I have an academic problem and I am trying to run a confusion matrix on a decision tree prediction on my test set. When I run the confusion matrix, I receive the error:
Error in table(data, reference, dnn = dnn, ...) : all arguments must have the same length
Here is a sample from my code:
# create a basic decision tree on training set
tree1 <- rpart(working_well ~ amount_tsh + funder + basin,
data = pump.train, method = 'class')
# predict using this tree, still on the training set.

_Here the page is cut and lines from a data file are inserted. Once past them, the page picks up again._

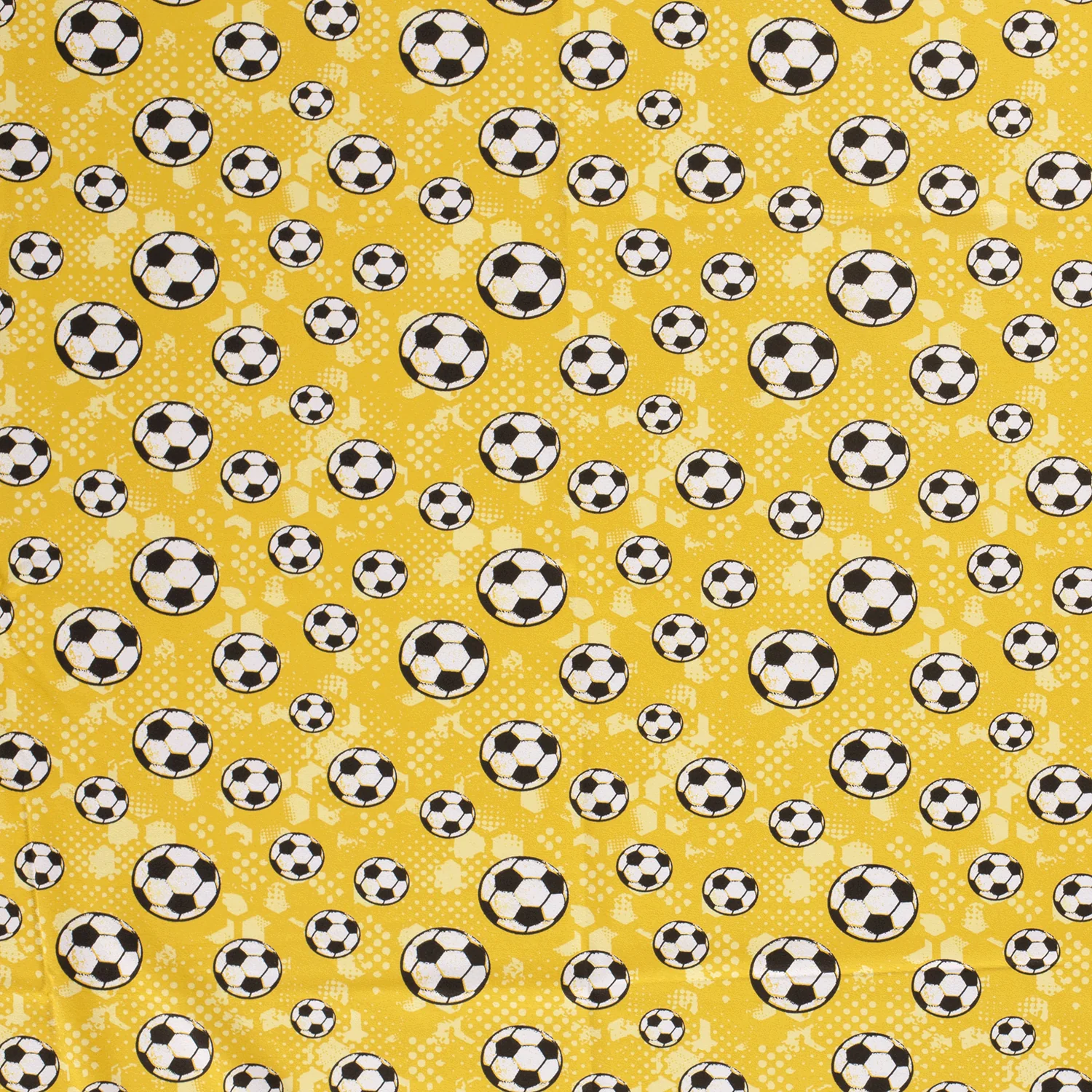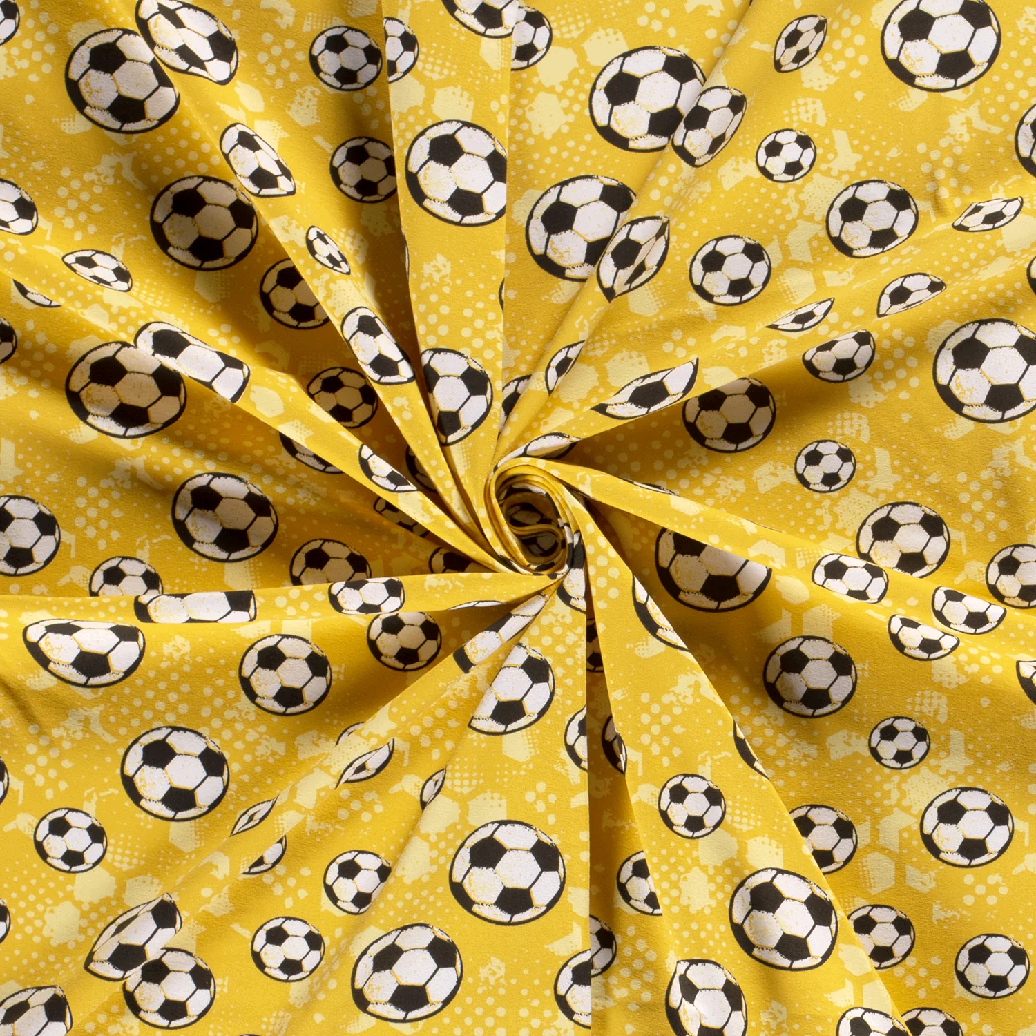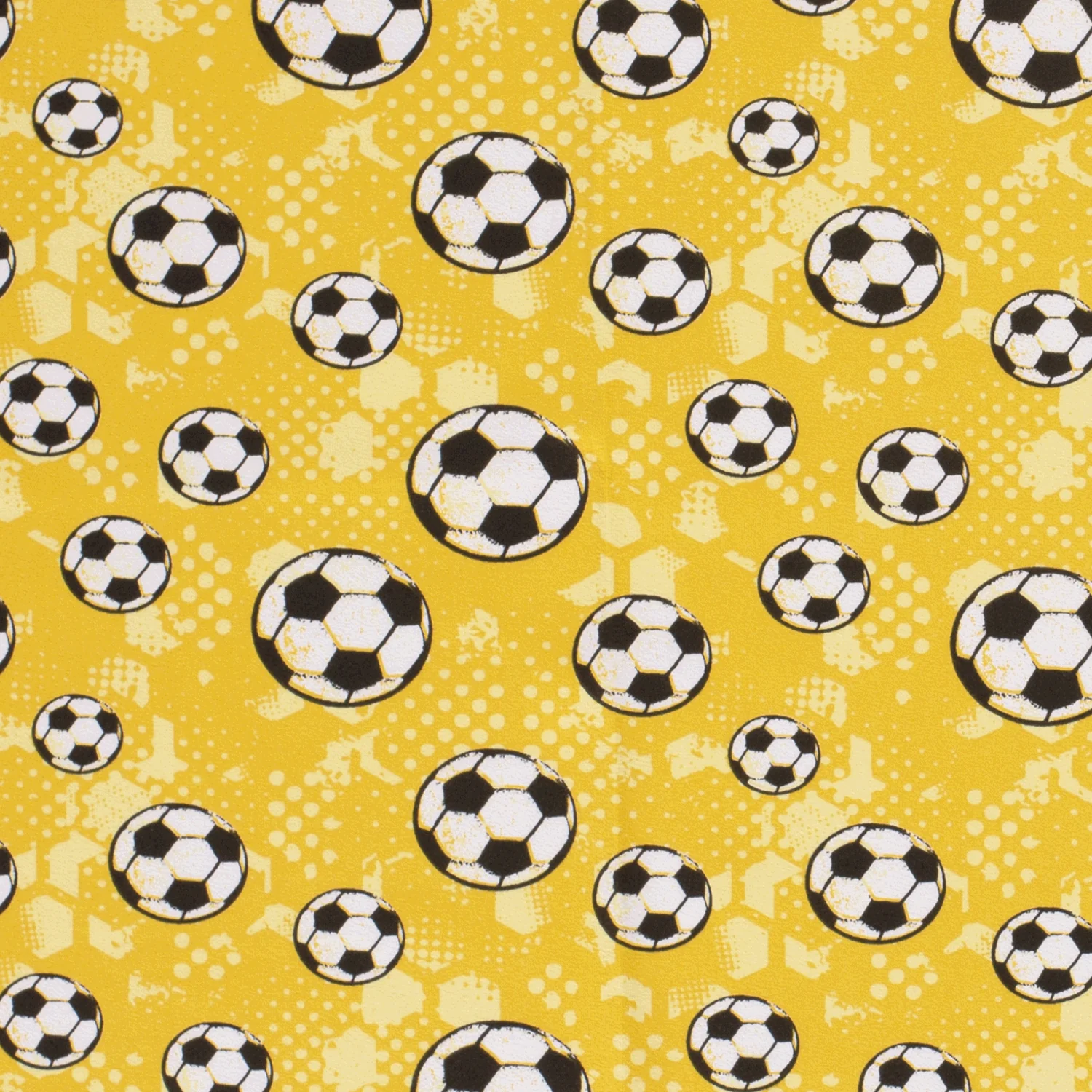 Der hochwertige Baumwolljersey in Ocker mit Fußballmuster ist perfekt für kreative Nähprojekte rund um Sport und Freizeit. Der Stoff überzeugt durch seine weiche, elastische Qualität und ist besonders angenehm auf der Haut zu tragen.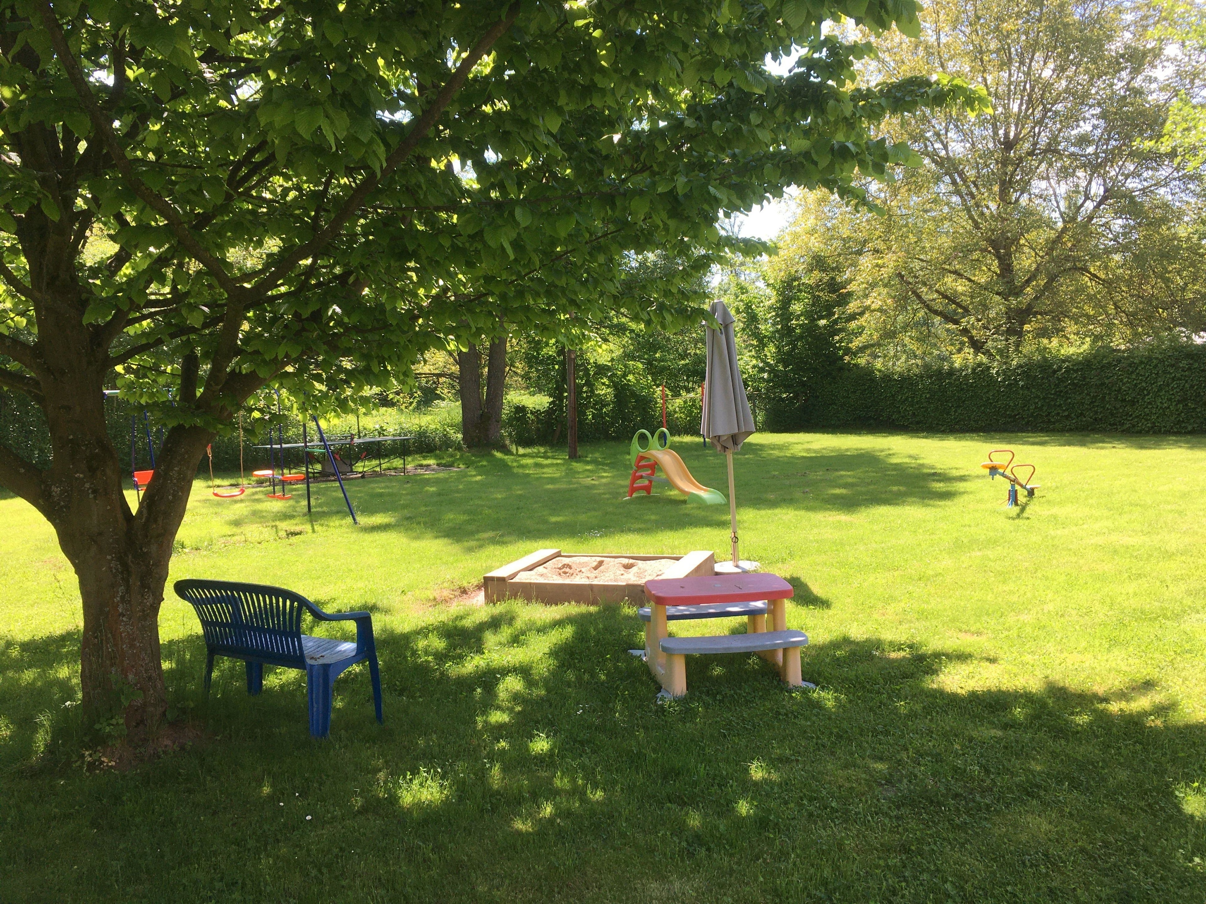 Vor Ihrem Ferienhaus ist eine große Terrasse mit Gartenmöbel und Grill. Im Anschluß der Große Garten mit Spielhütte, Tischtennisplatte, Tischfußball, Großtrampolin und viele Spielgeräte. Der Parkplatz befindet sich direkt vor der Anlage. Ihre mitgebrachten Fahrräder können Sie in einem abschließbaren Fahrradraum unterbringen. Das Grundstück ist komplett eingezäunt.
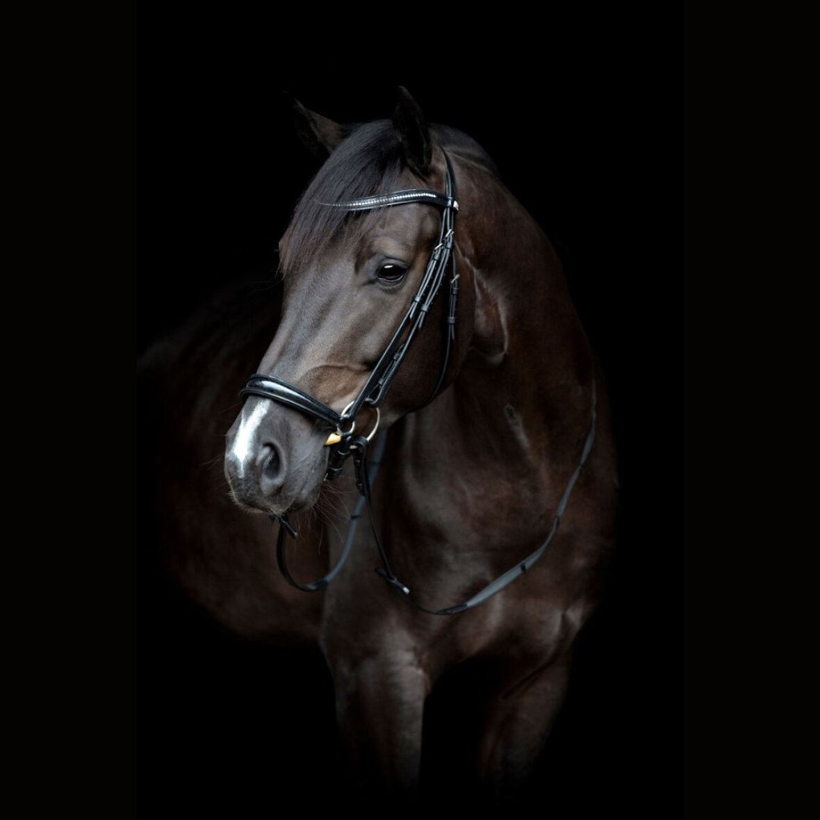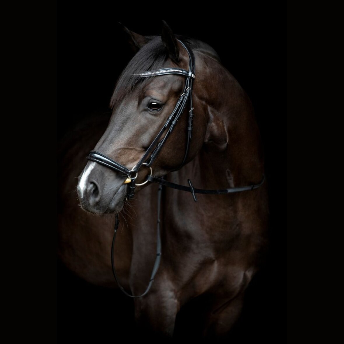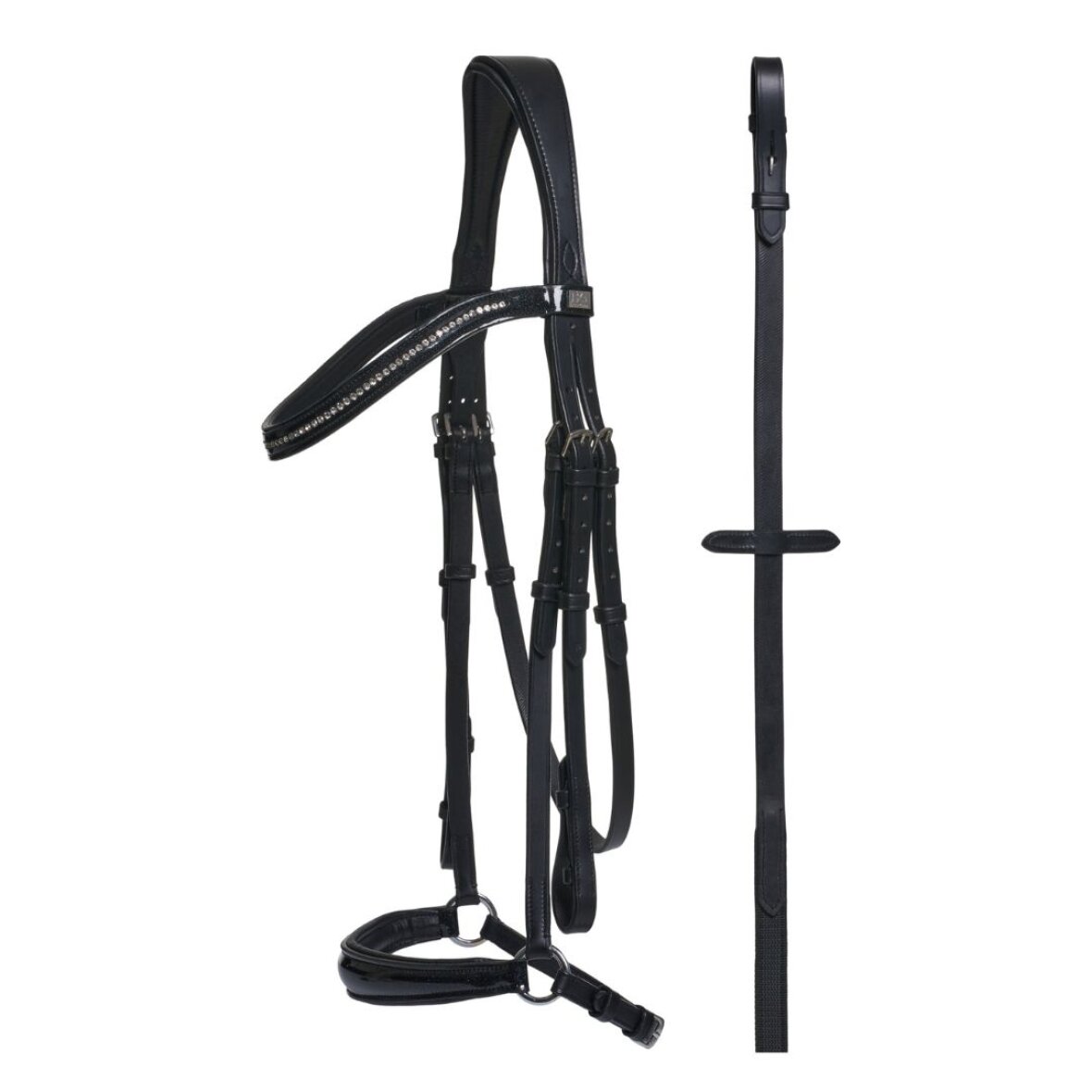 Lak og glimmer læder trense med hannoveransk næsebånd. Denne trense er med anatomiskformet nakkerem med foring og let buet lak pandebånd med krystaller. Hannoveransk næsebånd med lak og polstring. Der medfølger 16 mm super grip tøjler.

Run the confusion matrix
table(predict(tree1, type = 'class'), pump.train$working_well)
# this works fine
cm1 <- caret::confusionMatrix(predict(tree1, type="class"),
pump.train$working_well, positive = '1')
# now predict the tree on the TEST set
tree1_pred <- predict(tree1, pump.test, type="class")
# run the confusion matrix
predict_cm1 <- caret::confusionMatrix(predict(tree1, type="class"),
pump.test$working_well, positive = '1')
That is where I get the error. I searched the boards and learned that structure are not the same. Both are factors with 2 levels. However, tree1_pred has the following structure:
Factor w/ 2 levels "0","1": 2 2 1 1 2 1 2 2 1 1 ... - attr(*, "names")= chr [1:11879] "1""4""8""19" ...
The structure for pump.test$working_well
is as follows:
Factor w/ 2 levels "0","1": 1 2 2 1 2 1 2 1 1 2 ...
I assume the factors need the same exact structure to run the confusion matrix. But I am at a loss for how to do this. I'm not sure if it's even correct.
Any advice on how to fix this? I know it must be easy but I'm stuck.
If more info is needed, let me know. Thanks!!